Task item » The answer must be an exact copy of the lines from the top of the listing below through the line with "Die Seewolke N°3", with no pictures.

Data below »
::::::::

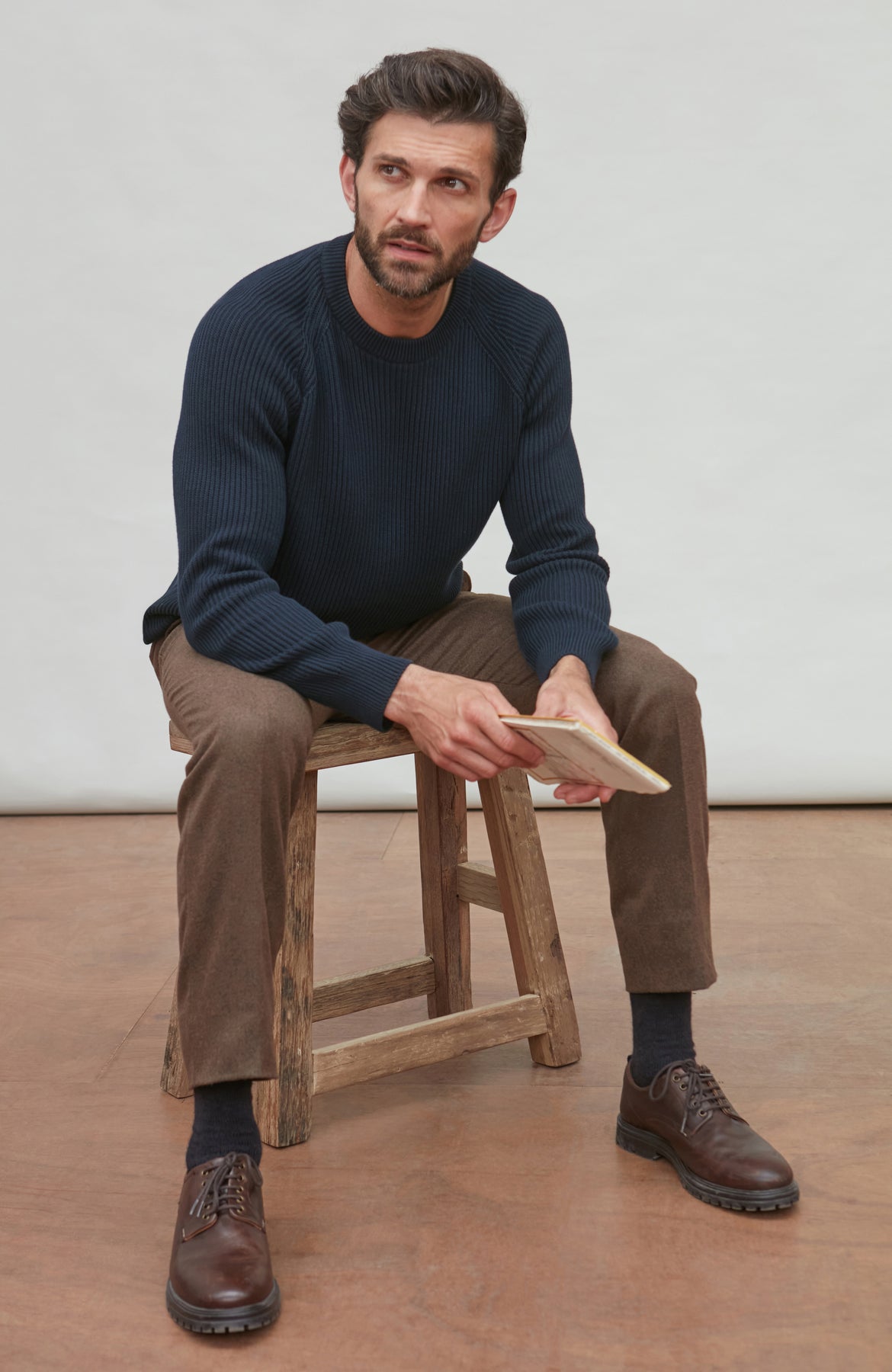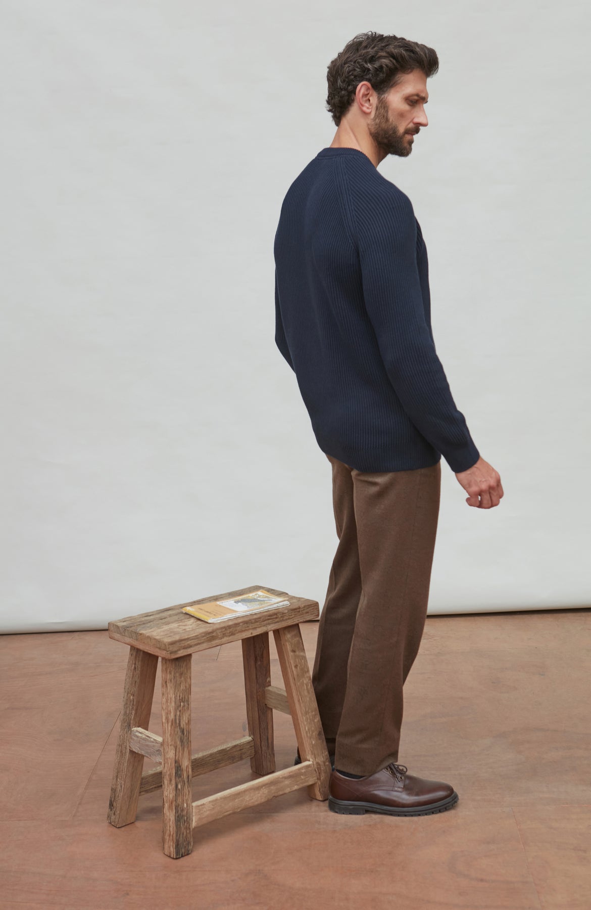 Logan is a classic fisherman rib crew neck jumper made from midweight cotton, designed for versatile layering and durable enough for everyday wear. Crafted using 100% Indian-grown and spun cotton and knitted using a full cardigan stitch, this low-maintenance, breathable, chunky sweater is perfect for the transitional months. Worn on its own, layered with fine wool or under a winter coat, the 7gg fabric has a beautifully balanced structure and softness.
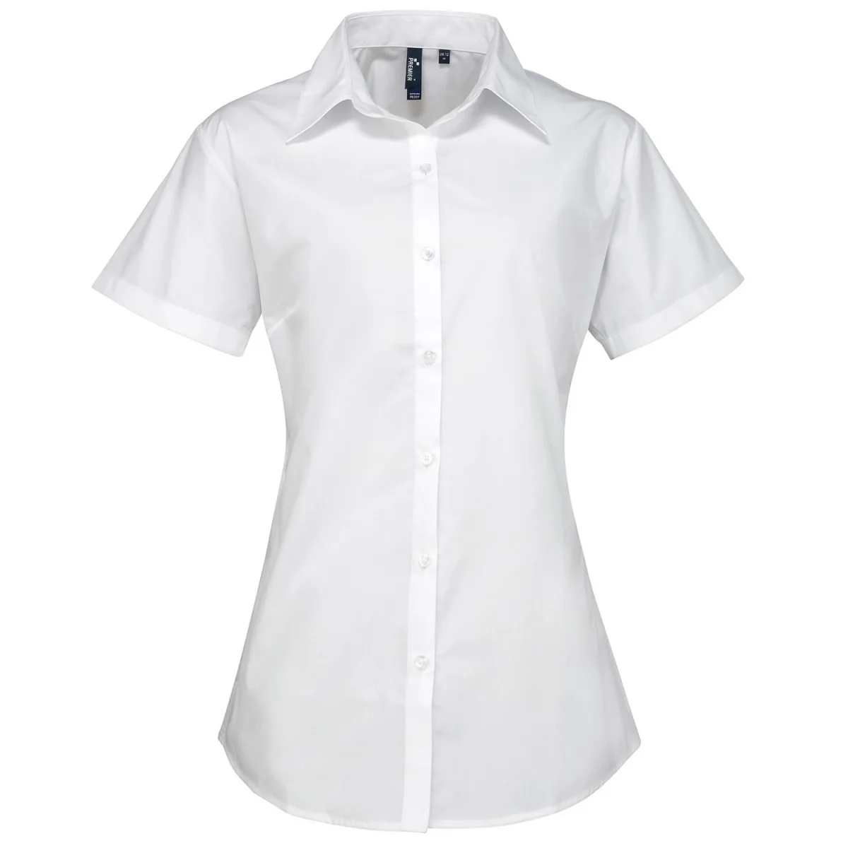 Premier Dames/Dames Supreme Poplin Overhemd met Korte Mouwen (Wit)
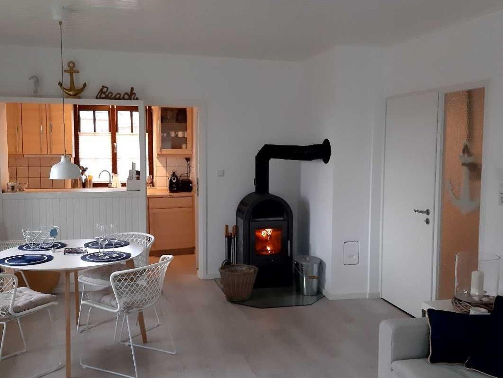 Die Seewolke N°3 verfügt über 2 Zimmer, moderne Ausstattung, schönes Duschbad, moderne Küche, Flur, Abstellraum. Kuschelig wird es Herbst und Winter mit dem Kaminofen! Die Terrasse hat einen Strandkorb.
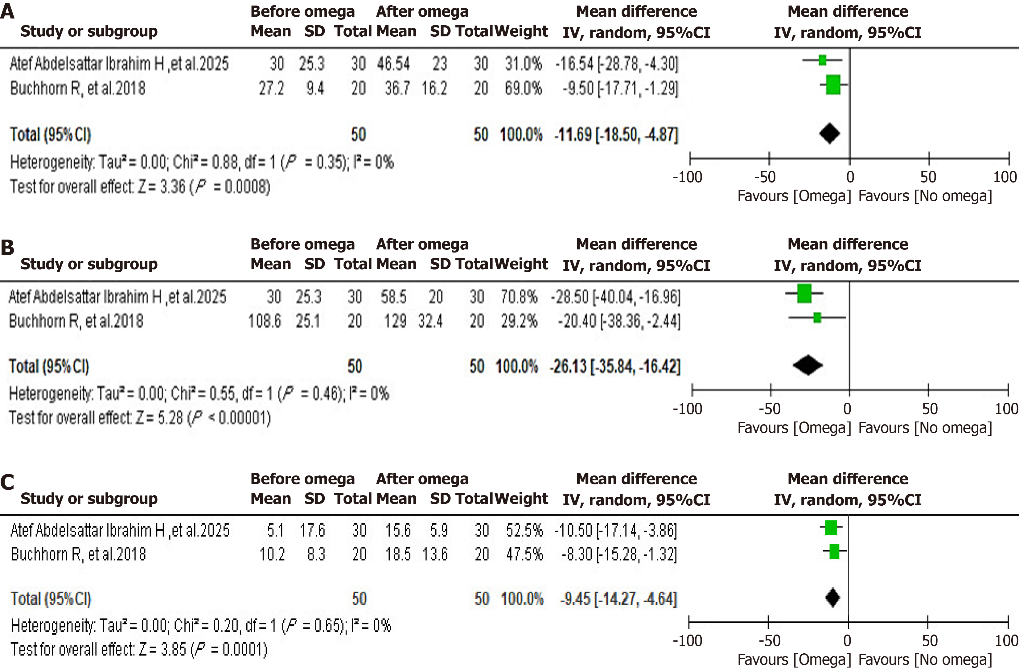 A: Meta-analysis of the root mean square of successive differences (RMSSD) (pre-post). Forest plot of the effect of omega-3 supplementation on RMSSD [time-domain heart-rate variability (HRV) index]. Each square represents the mean difference (MD) with 95%CI; the diamond represents the pooled estimate. The pooled mean difference (MD = -11.69 milliseconds, 95%CI: -18.50 to -4.87, P = 0.0008) indicated a significant improvement with low heterogeneity (I2 = 0%, P = 0.35); B: Meta-analysis of the standard deviation of normal-to-normal intervals (SDNN) (pre-post). Forest plot of the effect of omega-3 supplementation on SDNN (time-domain HRV index). The pooled mean difference (MD = -26.13 milliseconds, 95%CI: -35.84 to -16.42, P < 0.00001) indicated a significant improvement with low heterogeneity (I2 = 0%, P = 0.46); C: Meta-analysis of the percentage of successive normal-to-normal intervals differing by more than 50 milliseconds (pNN50%) (pre-post). Forest plot illustrating the effect of omega-3 supplementation on pNN50, a time-domain HRV index reflecting parasympathetic activity. The pooled mean difference (MD = -9.45; 95%CI: -14.27 to -4.64; P = 0.0001) indicated a significant improvement with no heterogeneity (I2 = 0%, P = 0.65).

::::::::

Written solution »
 Logan is a classic fisherman rib crew neck jumper made from midweight cotton, designed for versatile layering and durable enough for everyday wear. Crafted using 100% Indian-grown and spun cotton and knitted using a full cardigan stitch, this low-maintenance, breathable, chunky sweater is perfect for the transitional months. Worn on its own, layered with fine wool or under a winter coat, the 7gg fabric has a beautifully balanced structure and softness.
 Premier Dames/Dames Supreme Poplin Overhemd met Korte Mouwen (Wit)
 Die Seewolke N°3 verfügt über 2 Zimmer, moderne Ausstattung, schönes Duschbad, moderne Küche, Flur, Abstellraum. Kuschelig wird es Herbst und Winter mit dem Kaminofen! Die Terrasse hat einen Strandkorb.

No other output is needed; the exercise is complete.